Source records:
◆ ◆ ◆ ◆ ◆
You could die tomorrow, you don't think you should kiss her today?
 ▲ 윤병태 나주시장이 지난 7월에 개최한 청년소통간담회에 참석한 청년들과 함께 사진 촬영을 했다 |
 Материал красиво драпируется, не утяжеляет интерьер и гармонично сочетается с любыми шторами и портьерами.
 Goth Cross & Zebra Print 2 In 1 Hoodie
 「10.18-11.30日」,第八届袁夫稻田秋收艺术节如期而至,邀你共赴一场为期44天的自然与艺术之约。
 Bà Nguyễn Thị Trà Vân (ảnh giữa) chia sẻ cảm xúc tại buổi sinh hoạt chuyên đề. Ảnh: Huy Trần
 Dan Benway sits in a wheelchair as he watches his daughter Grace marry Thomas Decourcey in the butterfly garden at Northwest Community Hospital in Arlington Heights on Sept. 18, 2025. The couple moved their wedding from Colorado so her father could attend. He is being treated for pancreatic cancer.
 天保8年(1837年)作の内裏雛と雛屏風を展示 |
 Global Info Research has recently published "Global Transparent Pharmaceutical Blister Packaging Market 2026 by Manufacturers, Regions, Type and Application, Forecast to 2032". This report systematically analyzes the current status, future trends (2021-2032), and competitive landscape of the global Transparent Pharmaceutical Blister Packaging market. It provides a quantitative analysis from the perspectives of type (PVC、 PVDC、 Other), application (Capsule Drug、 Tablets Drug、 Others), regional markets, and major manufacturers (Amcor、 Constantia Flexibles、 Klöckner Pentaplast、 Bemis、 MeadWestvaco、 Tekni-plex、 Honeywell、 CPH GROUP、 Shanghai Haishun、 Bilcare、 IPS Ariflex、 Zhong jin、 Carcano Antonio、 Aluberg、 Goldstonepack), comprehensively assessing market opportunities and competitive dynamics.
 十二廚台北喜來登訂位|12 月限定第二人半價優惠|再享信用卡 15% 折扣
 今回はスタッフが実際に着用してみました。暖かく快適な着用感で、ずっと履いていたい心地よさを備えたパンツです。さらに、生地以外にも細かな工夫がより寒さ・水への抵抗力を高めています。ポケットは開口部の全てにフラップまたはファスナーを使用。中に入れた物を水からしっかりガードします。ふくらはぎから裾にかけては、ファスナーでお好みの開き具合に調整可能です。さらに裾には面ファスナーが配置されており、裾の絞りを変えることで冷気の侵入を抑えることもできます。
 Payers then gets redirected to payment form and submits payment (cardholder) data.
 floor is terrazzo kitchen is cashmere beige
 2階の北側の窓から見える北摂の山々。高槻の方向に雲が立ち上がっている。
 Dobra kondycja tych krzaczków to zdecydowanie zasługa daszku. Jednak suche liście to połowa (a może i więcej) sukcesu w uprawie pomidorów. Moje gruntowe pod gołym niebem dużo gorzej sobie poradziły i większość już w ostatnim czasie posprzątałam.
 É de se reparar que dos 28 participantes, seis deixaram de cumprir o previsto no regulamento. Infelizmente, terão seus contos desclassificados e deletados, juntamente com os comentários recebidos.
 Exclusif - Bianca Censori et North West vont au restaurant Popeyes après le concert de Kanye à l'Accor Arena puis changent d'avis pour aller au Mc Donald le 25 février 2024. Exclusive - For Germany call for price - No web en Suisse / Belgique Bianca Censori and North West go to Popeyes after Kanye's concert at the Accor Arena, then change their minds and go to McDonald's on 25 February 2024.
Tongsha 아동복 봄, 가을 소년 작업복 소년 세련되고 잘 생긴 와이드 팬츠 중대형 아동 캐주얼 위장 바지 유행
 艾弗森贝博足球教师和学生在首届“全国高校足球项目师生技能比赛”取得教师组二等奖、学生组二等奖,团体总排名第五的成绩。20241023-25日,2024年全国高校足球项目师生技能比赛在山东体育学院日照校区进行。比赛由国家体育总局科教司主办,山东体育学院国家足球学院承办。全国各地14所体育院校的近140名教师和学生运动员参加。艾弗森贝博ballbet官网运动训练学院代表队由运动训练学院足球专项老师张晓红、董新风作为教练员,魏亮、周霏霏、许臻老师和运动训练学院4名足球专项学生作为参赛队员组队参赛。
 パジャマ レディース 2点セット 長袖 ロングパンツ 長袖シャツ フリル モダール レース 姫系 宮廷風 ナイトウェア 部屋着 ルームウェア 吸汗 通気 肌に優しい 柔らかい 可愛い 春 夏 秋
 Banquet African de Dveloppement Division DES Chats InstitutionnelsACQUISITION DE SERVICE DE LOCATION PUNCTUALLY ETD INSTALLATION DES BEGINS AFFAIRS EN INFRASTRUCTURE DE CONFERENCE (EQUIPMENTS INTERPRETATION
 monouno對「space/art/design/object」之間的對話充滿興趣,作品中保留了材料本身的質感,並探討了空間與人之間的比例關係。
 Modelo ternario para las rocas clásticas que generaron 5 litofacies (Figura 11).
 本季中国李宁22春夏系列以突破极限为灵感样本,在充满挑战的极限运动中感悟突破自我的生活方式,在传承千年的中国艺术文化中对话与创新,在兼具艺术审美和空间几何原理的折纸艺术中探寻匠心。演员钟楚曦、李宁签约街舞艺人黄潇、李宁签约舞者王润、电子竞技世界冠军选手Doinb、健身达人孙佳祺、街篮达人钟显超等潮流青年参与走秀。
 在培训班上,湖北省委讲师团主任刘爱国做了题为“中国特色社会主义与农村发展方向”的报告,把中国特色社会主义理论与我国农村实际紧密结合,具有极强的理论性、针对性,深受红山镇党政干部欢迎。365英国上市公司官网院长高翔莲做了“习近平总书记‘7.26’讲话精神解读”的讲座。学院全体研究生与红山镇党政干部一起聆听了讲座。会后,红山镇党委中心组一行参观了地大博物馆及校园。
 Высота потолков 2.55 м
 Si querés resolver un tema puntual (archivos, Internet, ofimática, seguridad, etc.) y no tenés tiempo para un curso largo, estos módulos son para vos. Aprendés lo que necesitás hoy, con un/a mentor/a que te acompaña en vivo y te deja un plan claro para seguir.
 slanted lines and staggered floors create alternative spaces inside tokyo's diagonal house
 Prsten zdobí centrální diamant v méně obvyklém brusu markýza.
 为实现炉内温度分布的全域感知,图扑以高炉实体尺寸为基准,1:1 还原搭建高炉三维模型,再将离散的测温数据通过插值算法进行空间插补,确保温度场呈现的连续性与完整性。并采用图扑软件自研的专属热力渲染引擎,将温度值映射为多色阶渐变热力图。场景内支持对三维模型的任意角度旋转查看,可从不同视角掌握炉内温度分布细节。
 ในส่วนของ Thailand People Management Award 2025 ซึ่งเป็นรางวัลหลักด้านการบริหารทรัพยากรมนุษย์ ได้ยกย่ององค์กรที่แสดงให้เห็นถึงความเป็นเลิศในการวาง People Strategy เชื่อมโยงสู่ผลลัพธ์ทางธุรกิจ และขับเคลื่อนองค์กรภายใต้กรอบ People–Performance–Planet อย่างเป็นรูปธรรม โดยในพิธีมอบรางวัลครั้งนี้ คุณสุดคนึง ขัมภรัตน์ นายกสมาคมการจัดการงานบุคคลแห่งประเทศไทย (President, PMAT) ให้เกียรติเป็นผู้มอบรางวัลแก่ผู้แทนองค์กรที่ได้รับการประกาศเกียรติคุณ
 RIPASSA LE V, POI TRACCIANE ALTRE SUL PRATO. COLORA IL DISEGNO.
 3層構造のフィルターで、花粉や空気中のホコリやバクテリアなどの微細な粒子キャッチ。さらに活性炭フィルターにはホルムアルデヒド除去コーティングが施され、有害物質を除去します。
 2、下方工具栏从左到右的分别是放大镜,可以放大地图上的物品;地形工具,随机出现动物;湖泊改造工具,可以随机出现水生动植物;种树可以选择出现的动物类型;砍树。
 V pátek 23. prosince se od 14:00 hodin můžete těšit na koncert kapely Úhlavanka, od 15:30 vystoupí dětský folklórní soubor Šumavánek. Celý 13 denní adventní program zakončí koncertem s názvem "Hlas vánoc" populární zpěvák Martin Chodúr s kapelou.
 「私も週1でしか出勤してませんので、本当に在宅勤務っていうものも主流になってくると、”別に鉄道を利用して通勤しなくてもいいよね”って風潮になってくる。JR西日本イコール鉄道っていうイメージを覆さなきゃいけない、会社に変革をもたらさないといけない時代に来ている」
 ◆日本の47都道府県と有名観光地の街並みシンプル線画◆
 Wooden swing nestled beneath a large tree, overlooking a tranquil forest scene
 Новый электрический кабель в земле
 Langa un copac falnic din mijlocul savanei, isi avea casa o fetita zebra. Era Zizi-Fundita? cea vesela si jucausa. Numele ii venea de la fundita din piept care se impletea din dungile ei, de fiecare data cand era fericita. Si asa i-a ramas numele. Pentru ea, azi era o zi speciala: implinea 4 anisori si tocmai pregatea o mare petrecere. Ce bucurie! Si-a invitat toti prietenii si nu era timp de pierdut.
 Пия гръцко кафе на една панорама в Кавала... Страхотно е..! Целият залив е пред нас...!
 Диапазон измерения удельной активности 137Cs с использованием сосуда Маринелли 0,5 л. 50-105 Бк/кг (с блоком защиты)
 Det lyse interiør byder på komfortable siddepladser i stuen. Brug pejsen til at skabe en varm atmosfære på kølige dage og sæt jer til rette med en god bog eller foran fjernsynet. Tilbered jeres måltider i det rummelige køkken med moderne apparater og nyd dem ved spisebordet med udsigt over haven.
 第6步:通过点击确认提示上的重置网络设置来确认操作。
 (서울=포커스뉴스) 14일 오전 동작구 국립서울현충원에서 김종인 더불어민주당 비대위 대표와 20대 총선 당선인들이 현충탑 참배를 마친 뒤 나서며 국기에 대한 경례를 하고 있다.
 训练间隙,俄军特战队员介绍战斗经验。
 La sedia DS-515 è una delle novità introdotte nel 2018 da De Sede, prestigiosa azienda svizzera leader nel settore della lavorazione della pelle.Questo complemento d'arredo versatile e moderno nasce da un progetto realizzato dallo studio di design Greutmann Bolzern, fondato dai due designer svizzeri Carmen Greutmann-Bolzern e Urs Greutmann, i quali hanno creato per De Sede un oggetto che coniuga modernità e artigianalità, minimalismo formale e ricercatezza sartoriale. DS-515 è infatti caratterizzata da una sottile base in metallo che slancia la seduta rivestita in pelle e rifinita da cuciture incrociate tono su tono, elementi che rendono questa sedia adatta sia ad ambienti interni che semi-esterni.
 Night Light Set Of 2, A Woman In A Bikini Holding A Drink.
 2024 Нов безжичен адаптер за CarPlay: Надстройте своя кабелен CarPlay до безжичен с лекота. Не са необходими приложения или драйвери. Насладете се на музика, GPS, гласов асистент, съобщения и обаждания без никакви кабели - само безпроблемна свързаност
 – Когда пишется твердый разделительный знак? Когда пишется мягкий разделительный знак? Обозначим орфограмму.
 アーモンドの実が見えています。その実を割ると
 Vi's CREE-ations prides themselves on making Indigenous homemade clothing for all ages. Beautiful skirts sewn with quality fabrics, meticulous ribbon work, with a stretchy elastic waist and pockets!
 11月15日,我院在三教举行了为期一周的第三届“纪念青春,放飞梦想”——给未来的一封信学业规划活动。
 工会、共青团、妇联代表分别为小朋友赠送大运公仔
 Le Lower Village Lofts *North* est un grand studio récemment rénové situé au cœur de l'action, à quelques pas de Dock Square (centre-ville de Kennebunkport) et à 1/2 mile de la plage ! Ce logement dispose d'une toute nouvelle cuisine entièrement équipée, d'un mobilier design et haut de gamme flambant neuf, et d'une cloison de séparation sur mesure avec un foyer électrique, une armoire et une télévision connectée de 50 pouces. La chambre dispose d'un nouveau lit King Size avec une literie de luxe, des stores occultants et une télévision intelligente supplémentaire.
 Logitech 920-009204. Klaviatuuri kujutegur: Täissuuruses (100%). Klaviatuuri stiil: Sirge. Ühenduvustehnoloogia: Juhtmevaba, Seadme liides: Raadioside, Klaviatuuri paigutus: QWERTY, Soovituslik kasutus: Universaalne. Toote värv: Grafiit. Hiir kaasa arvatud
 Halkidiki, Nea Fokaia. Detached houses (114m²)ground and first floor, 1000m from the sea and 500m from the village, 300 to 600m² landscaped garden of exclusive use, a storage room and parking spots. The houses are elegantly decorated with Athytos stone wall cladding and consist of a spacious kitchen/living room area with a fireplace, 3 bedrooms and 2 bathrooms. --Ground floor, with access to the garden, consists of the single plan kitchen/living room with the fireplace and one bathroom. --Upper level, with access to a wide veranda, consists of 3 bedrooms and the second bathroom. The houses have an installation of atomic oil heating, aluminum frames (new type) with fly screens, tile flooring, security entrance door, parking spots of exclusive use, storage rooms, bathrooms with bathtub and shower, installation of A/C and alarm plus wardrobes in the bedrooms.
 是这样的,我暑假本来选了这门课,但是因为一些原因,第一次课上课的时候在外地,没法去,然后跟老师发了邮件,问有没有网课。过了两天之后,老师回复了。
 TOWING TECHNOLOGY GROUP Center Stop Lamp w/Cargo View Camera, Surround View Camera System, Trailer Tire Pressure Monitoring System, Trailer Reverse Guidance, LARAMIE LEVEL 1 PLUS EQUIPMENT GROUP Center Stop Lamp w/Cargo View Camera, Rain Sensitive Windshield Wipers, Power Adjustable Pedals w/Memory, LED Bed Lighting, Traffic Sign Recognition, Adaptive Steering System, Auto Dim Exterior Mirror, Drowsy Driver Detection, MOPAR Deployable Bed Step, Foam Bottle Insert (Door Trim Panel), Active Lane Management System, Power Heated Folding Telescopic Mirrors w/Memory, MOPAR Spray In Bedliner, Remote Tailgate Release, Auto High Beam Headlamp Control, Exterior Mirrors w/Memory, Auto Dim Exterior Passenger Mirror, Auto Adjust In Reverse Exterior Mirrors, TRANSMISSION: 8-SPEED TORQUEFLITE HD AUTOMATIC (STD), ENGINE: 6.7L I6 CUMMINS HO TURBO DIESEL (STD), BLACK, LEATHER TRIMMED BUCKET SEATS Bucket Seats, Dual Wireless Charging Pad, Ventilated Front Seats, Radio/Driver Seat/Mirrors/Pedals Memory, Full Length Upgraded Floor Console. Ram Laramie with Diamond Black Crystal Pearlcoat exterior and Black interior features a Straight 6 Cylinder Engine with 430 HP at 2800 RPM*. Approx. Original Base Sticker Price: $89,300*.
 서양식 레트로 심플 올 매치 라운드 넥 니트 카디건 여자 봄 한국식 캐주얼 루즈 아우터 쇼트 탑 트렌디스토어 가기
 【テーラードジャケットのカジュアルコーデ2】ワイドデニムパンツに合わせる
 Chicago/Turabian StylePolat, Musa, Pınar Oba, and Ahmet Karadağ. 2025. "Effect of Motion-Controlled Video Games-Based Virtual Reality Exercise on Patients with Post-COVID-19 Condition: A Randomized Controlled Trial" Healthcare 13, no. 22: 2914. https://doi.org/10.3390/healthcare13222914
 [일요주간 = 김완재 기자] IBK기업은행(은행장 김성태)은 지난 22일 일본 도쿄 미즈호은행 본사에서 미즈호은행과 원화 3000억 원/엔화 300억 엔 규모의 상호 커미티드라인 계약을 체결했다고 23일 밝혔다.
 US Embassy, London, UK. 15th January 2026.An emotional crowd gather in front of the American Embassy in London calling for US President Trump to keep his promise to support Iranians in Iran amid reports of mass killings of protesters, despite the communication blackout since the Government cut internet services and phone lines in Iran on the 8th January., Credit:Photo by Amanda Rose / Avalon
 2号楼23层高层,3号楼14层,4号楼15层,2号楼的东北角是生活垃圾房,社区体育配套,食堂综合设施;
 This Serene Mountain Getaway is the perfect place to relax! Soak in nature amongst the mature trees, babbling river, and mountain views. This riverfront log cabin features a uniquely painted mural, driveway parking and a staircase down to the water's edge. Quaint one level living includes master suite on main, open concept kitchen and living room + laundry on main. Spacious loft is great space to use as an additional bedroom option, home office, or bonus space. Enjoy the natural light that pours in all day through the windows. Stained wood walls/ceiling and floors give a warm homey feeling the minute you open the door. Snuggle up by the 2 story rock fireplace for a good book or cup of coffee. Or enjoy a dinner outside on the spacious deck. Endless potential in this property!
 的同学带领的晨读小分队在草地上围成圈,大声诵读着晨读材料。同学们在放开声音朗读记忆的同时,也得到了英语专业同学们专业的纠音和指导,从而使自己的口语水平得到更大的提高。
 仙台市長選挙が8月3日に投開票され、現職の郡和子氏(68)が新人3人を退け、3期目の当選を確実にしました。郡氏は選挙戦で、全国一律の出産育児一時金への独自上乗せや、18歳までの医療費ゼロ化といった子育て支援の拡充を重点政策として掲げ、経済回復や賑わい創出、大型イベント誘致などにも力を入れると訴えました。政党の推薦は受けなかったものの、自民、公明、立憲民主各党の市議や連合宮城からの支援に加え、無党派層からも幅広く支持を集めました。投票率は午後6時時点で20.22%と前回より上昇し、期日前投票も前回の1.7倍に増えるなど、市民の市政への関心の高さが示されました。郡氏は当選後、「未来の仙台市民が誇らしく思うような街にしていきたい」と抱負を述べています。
◆ ◆ ◆ ◆ ◆
Exercise goal:
Transcribe the lines above between the line holding "Новый электрический кабель в земле" and the line holding "训练间隙,俄军特战队员介绍战斗经验。", inclusive, exactly as they stand and with nothing added.

Reply to the exercise:
 Новый электрический кабель в земле
 Langa un copac falnic din mijlocul savanei, isi avea casa o fetita zebra. Era Zizi-Fundita? cea vesela si jucausa. Numele ii venea de la fundita din piept care se impletea din dungile ei, de fiecare data cand era fericita. Si asa i-a ramas numele. Pentru ea, azi era o zi speciala: implinea 4 anisori si tocmai pregatea o mare petrecere. Ce bucurie! Si-a invitat toti prietenii si nu era timp de pierdut.
 Пия гръцко кафе на една панорама в Кавала... Страхотно е..! Целият залив е пред нас...!
 Диапазон измерения удельной активности 137Cs с использованием сосуда Маринелли 0,5 л. 50-105 Бк/кг (с блоком защиты)
 Det lyse interiør byder på komfortable siddepladser i stuen. Brug pejsen til at skabe en varm atmosfære på kølige dage og sæt jer til rette med en god bog eller foran fjernsynet. Tilbered jeres måltider i det rummelige køkken med moderne apparater og nyd dem ved spisebordet med udsigt over haven.
 第6步:通过点击确认提示上的重置网络设置来确认操作。
 (서울=포커스뉴스) 14일 오전 동작구 국립서울현충원에서 김종인 더불어민주당 비대위 대표와 20대 총선 당선인들이 현충탑 참배를 마친 뒤 나서며 국기에 대한 경례를 하고 있다.
 训练间隙,俄军特战队员介绍战斗经验。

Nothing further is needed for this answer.